**Required work:**
Copy every line of the data exactly, keeping out any picture.

**Dataset extract:**
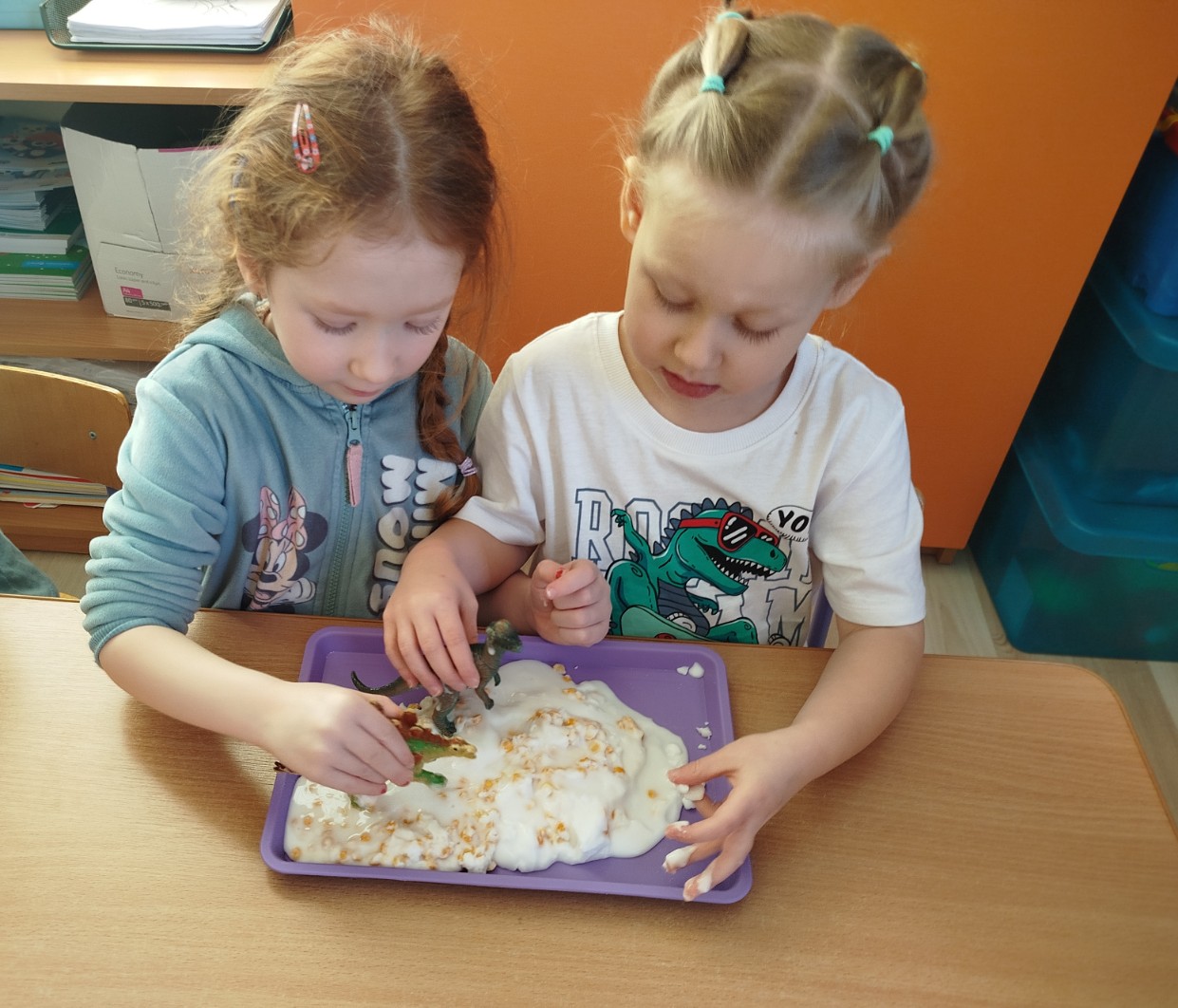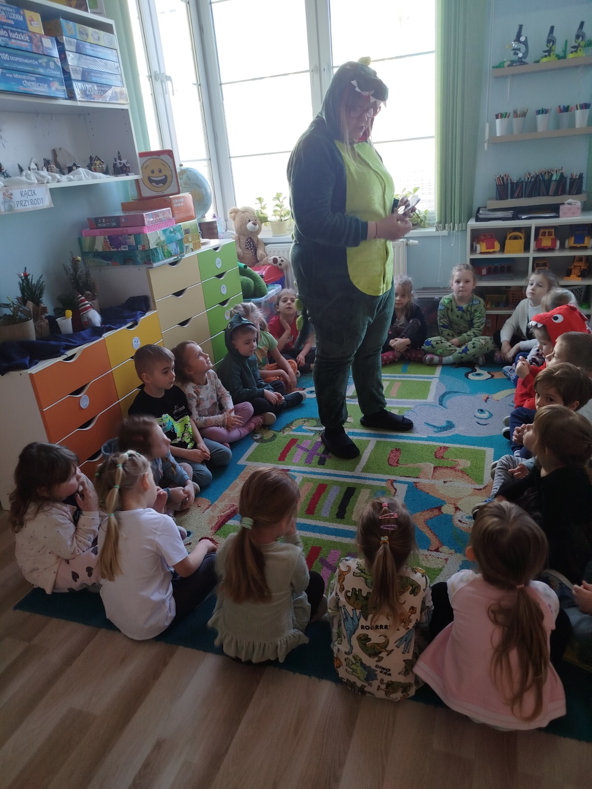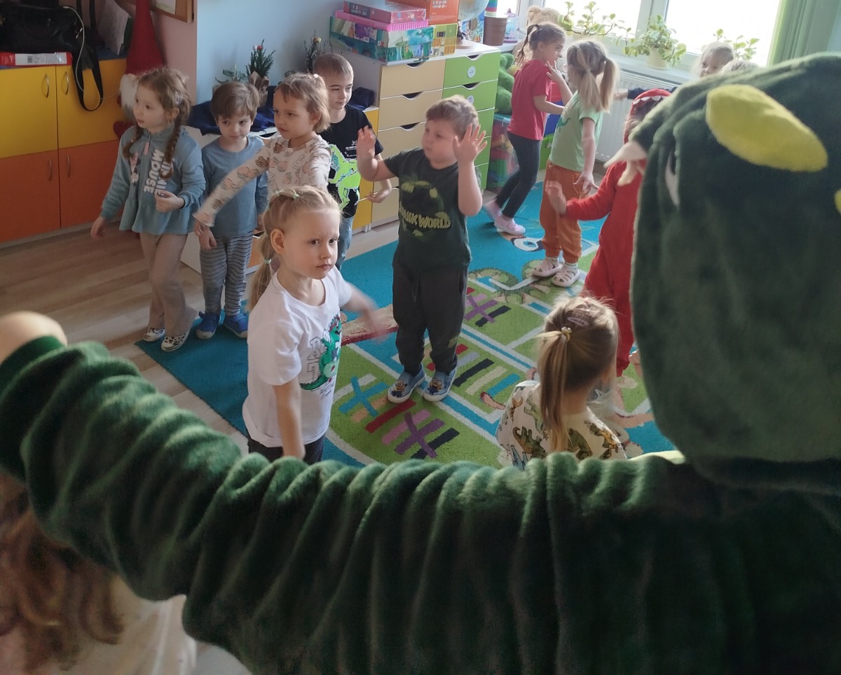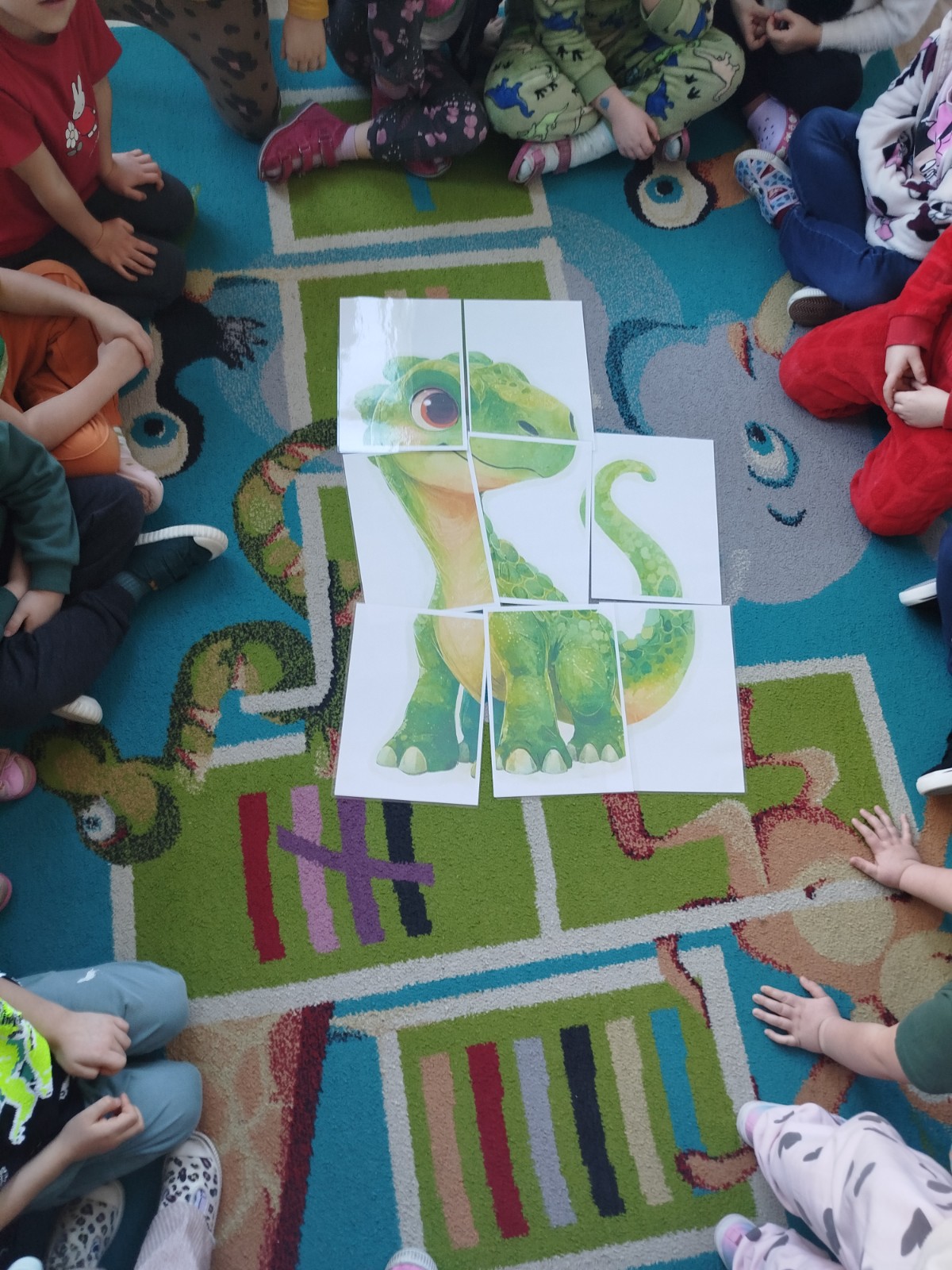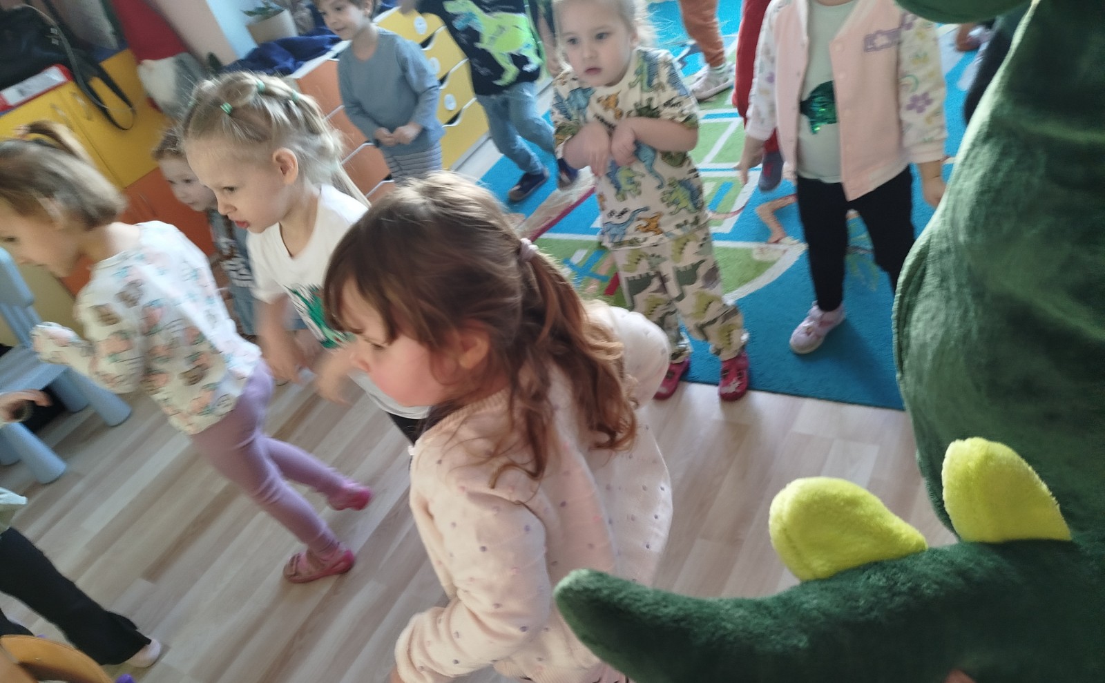 Dziś nasze przedszkolaki wzięły udział w uroczystości z okazji Dnia Dinozaura. Okazało się, że w naszej sali mieszka całkiem sporo różnego rodzaju dinozaurów, które stały się inspiracją do dzisiejszych zabaw. Przedszkolaki oglądały film edukacyjny nt. tych prehistorycznych stworzeń, tańczyły przy "dinusiowych" piosenkach, dobierały karty dinozaurów do ich cieni, układały obrazek pocięty na części przedstawiającego Diplodoka. Wykonały pracę plastyczną zgodnie z tematyką uroczystości oraz bawiły się figurkami dinozaurów zatopionych w cieczy nienewtonowskiej.
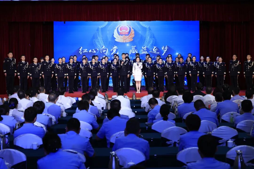 活动最后,首都监狱戒毒警官合唱团唱响《光荣集结在警旗下》,歌声中饱含监狱戒毒系统人民警察“以警旗为引领、以训词为指引”的坚定信念,抒发了广大民警坚守初心使命、厚植爱国情怀、永葆忠诚本色,为推进强国建设与民族复兴伟业踔厉奋发、再立新功的豪迈力量。
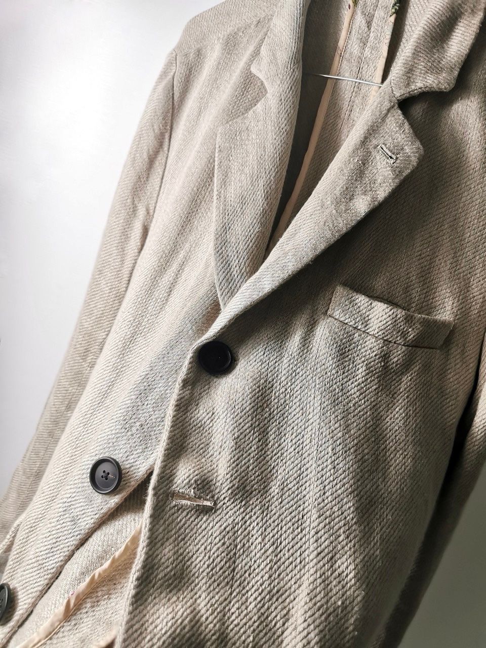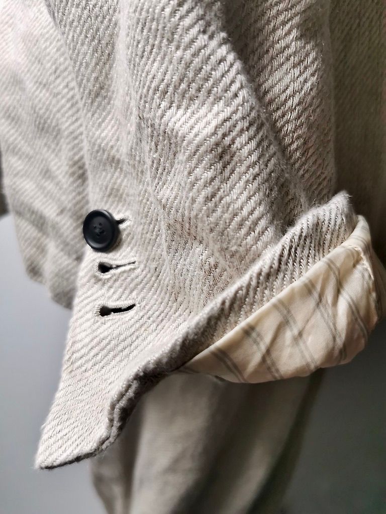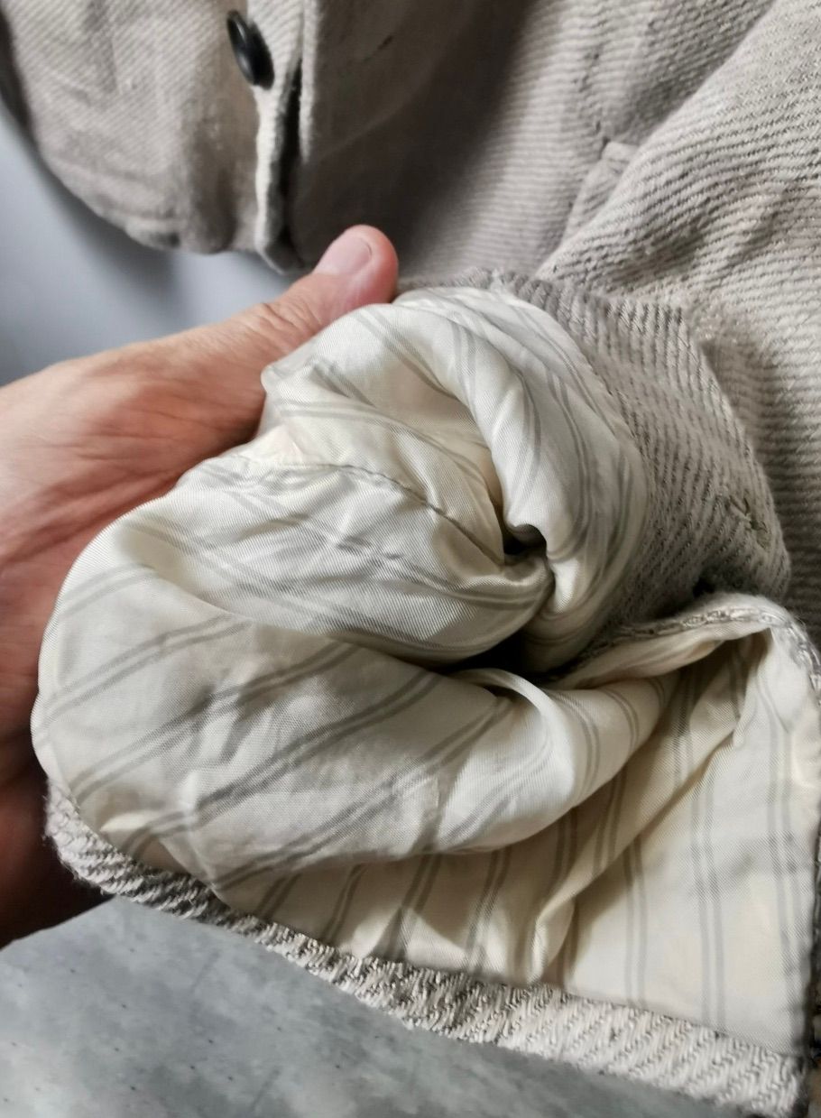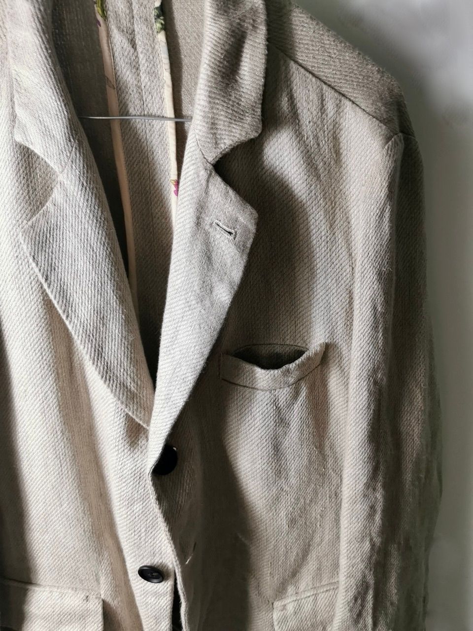 ... and incredible pockets throughout--impeccable all hand-cut besom flap exterior and welt breast and besom interior pockets which required between 20-30 minutes to expertly constuct each one fully-self lined in the expensive pure linen fabric instead of skimping and using cheaper pocket lining materials like other luxury brands do. This long-time value approach to maximum comfort and durability costs more as it uses more of the precious fabric but results in incredibly comfort when you put your hands in the pockets of this jacket.

**Task result:**
 Dziś nasze przedszkolaki wzięły udział w uroczystości z okazji Dnia Dinozaura. Okazało się, że w naszej sali mieszka całkiem sporo różnego rodzaju dinozaurów, które stały się inspiracją do dzisiejszych zabaw. Przedszkolaki oglądały film edukacyjny nt. tych prehistorycznych stworzeń, tańczyły przy "dinusiowych" piosenkach, dobierały karty dinozaurów do ich cieni, układały obrazek pocięty na części przedstawiającego Diplodoka. Wykonały pracę plastyczną zgodnie z tematyką uroczystości oraz bawiły się figurkami dinozaurów zatopionych w cieczy nienewtonowskiej.
 活动最后,首都监狱戒毒警官合唱团唱响《光荣集结在警旗下》,歌声中饱含监狱戒毒系统人民警察“以警旗为引领、以训词为指引”的坚定信念,抒发了广大民警坚守初心使命、厚植爱国情怀、永葆忠诚本色,为推进强国建设与民族复兴伟业踔厉奋发、再立新功的豪迈力量。
 ... and incredible pockets throughout--impeccable all hand-cut besom flap exterior and welt breast and besom interior pockets which required between 20-30 minutes to expertly constuct each one fully-self lined in the expensive pure linen fabric instead of skimping and using cheaper pocket lining materials like other luxury brands do. This long-time value approach to maximum comfort and durability costs more as it uses more of the precious fabric but results in incredibly comfort when you put your hands in the pockets of this jacket.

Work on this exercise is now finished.